**Work to be completed**
Could you restate the data word for word and drop the pictures?

**Information supplied**
----------------------------------------

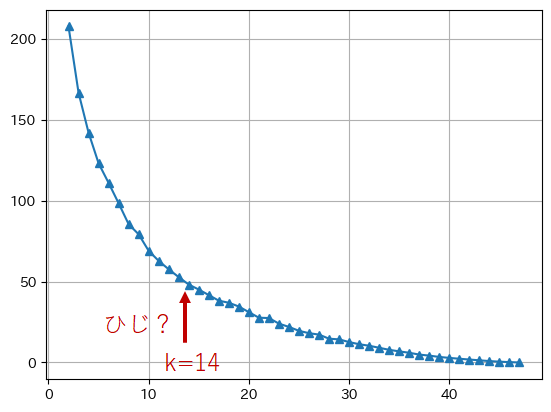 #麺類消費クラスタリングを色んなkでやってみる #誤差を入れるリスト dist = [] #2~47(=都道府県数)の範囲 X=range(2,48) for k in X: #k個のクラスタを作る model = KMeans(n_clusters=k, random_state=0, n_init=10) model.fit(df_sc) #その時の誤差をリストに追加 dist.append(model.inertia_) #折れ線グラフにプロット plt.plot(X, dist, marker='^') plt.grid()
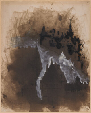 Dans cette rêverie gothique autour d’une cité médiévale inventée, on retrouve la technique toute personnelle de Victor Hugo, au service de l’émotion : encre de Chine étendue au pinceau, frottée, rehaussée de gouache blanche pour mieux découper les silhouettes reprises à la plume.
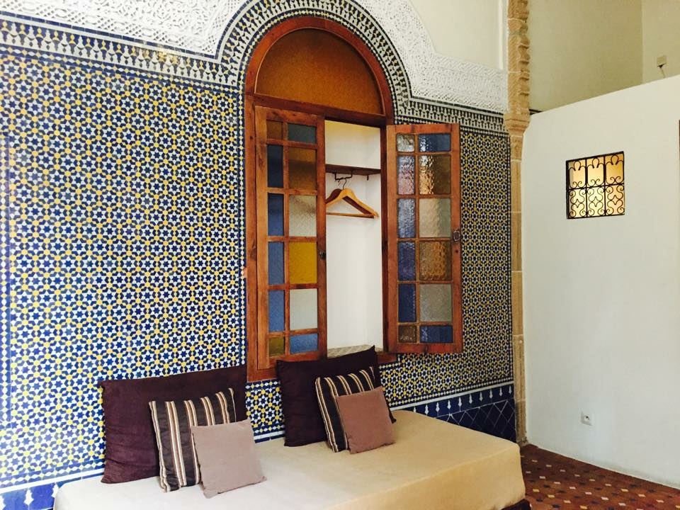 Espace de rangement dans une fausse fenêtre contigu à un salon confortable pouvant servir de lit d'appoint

----------------------------------------

**Response to the exercise**
 #麺類消費クラスタリングを色んなkでやってみる #誤差を入れるリスト dist = [] #2~47(=都道府県数)の範囲 X=range(2,48) for k in X: #k個のクラスタを作る model = KMeans(n_clusters=k, random_state=0, n_init=10) model.fit(df_sc) #その時の誤差をリストに追加 dist.append(model.inertia_) #折れ線グラフにプロット plt.plot(X, dist, marker='^') plt.grid()
 Dans cette rêverie gothique autour d’une cité médiévale inventée, on retrouve la technique toute personnelle de Victor Hugo, au service de l’émotion : encre de Chine étendue au pinceau, frottée, rehaussée de gouache blanche pour mieux découper les silhouettes reprises à la plume.
 Espace de rangement dans une fausse fenêtre contigu à un salon confortable pouvant servir de lit d'appoint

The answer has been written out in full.